Problem statement: Transcribe each entry exactly as it appears, leaving out any picture it holds.

(Stored data entries)
***
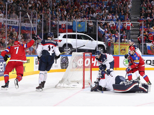 Затем также в Германии сборная России не оставила никаких шансов команде Словакии. Уже на 2-й минуте Евгений Дадонов с передачи Никиты Гусева открыл счёт в матче. Вторым ассистентом выступил Вадим Шипачёв. На 14-й минуте та же тройка и в той же последовательности удвоила преимущество сборной России, а на последней минуте первого периода Андрей Миронов довёл счёт до крупного. Во второй двадцатиминутке в воротах сборной Словакии побывали две шайбы - отличились Никита Кучеров и Иван Телегин, а третьей двадцатиминутке защитник Владислав Гавриков поставил победную точку. Победив словаков со счётом 6:0, россияне с 14 очками возглавили турнирную таблицу.
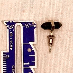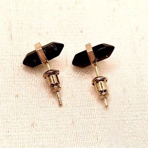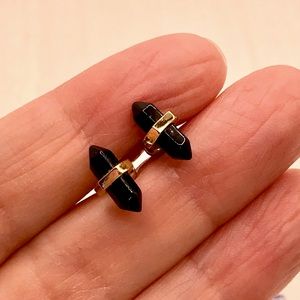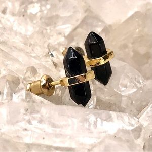 Petite black agate stones in a crystal point cut are featured in these little stud earrings. Great for multiple piercings.
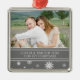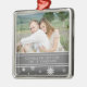 Couples first christmas decoration customisable with your own photo in elegant dark charcoal grey and white festive snowflakes pattern. Makes a wonderful keepsake or gift for your spouse.
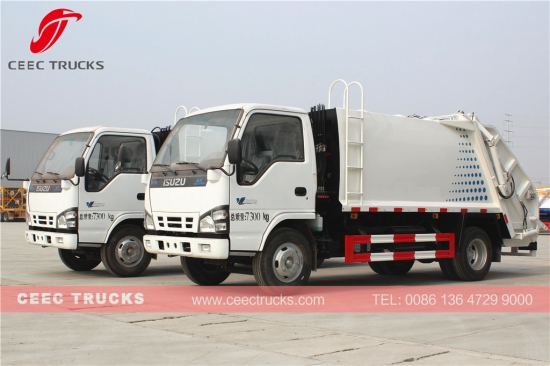 Garbage compactor vehicle 5cbm Isuzu (also called Hydraulic pressing garbage truck, rear loader garbage truck, compactor garbage truck, back loading garbage compression truck, waste collection vehicle) is designed for daily rubbish transport in such living areas as all kinds of cities, large station, port and wharf, airpot, and densely-populated areas like industrial and mineral enterprises and military units.
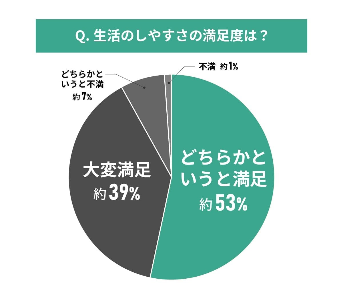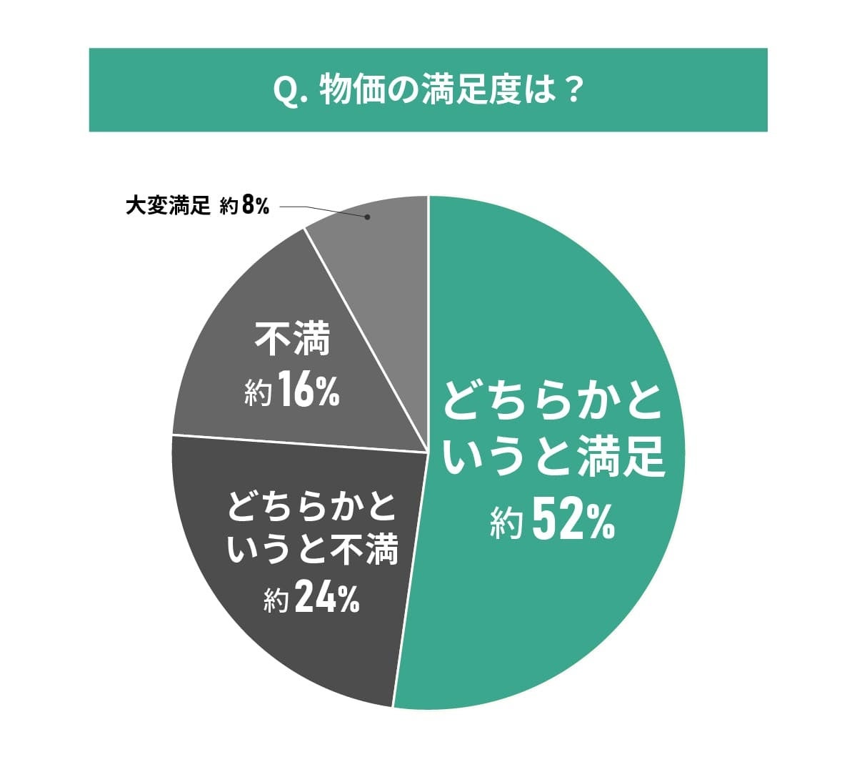 物価については約60%の住民が満足している一方で、約40%が不満を感じており、意見が分かれる結果となりました。満足している住民からは「都心部と比較すると安い」「下町らしい価格帯の店が多い」「家賃が23区内では比較的安い」といった声が聞かれます。
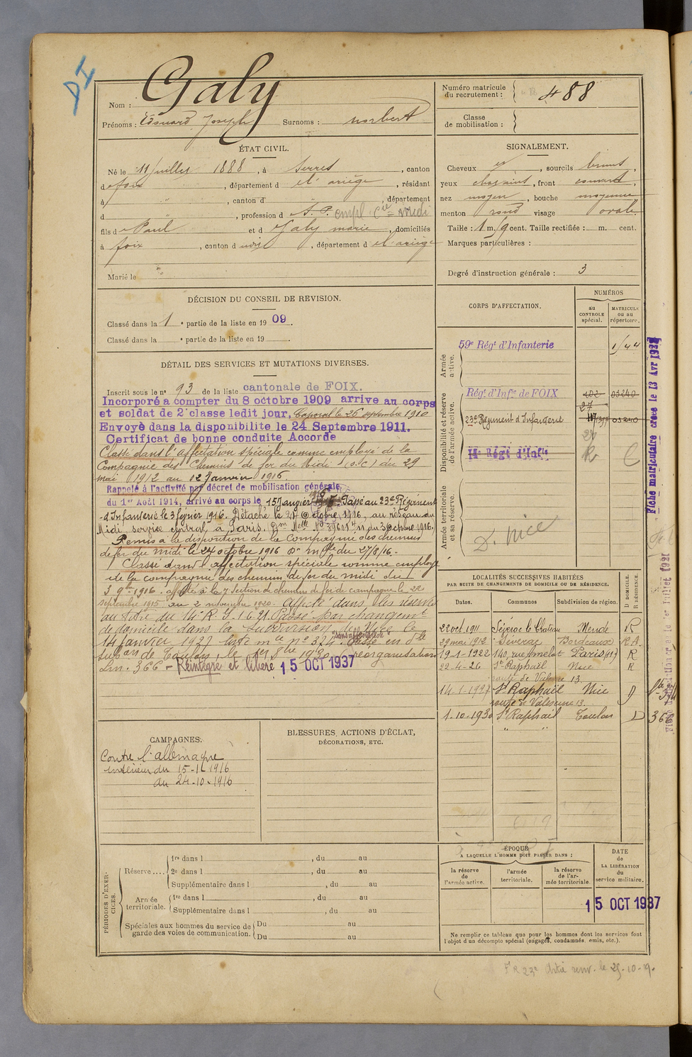 | Galy | Edouard Joseph dit Norbert | FOIX | 129 W 42 | 1908 | Serres-sur-Arget | 488 |
***
Response box:
 Затем также в Германии сборная России не оставила никаких шансов команде Словакии. Уже на 2-й минуте Евгений Дадонов с передачи Никиты Гусева открыл счёт в матче. Вторым ассистентом выступил Вадим Шипачёв. На 14-й минуте та же тройка и в той же последовательности удвоила преимущество сборной России, а на последней минуте первого периода Андрей Миронов довёл счёт до крупного. Во второй двадцатиминутке в воротах сборной Словакии побывали две шайбы - отличились Никита Кучеров и Иван Телегин, а третьей двадцатиминутке защитник Владислав Гавриков поставил победную точку. Победив словаков со счётом 6:0, россияне с 14 очками возглавили турнирную таблицу.
 Petite black agate stones in a crystal point cut are featured in these little stud earrings. Great for multiple piercings.
 Couples first christmas decoration customisable with your own photo in elegant dark charcoal grey and white festive snowflakes pattern. Makes a wonderful keepsake or gift for your spouse.
 Garbage compactor vehicle 5cbm Isuzu (also called Hydraulic pressing garbage truck, rear loader garbage truck, compactor garbage truck, back loading garbage compression truck, waste collection vehicle) is designed for daily rubbish transport in such living areas as all kinds of cities, large station, port and wharf, airpot, and densely-populated areas like industrial and mineral enterprises and military units.
 物価については約60%の住民が満足している一方で、約40%が不満を感じており、意見が分かれる結果となりました。満足している住民からは「都心部と比較すると安い」「下町らしい価格帯の店が多い」「家賃が23区内では比較的安い」といった声が聞かれます。
 | Galy | Edouard Joseph dit Norbert | FOIX | 129 W 42 | 1908 | Serres-sur-Arget | 488 |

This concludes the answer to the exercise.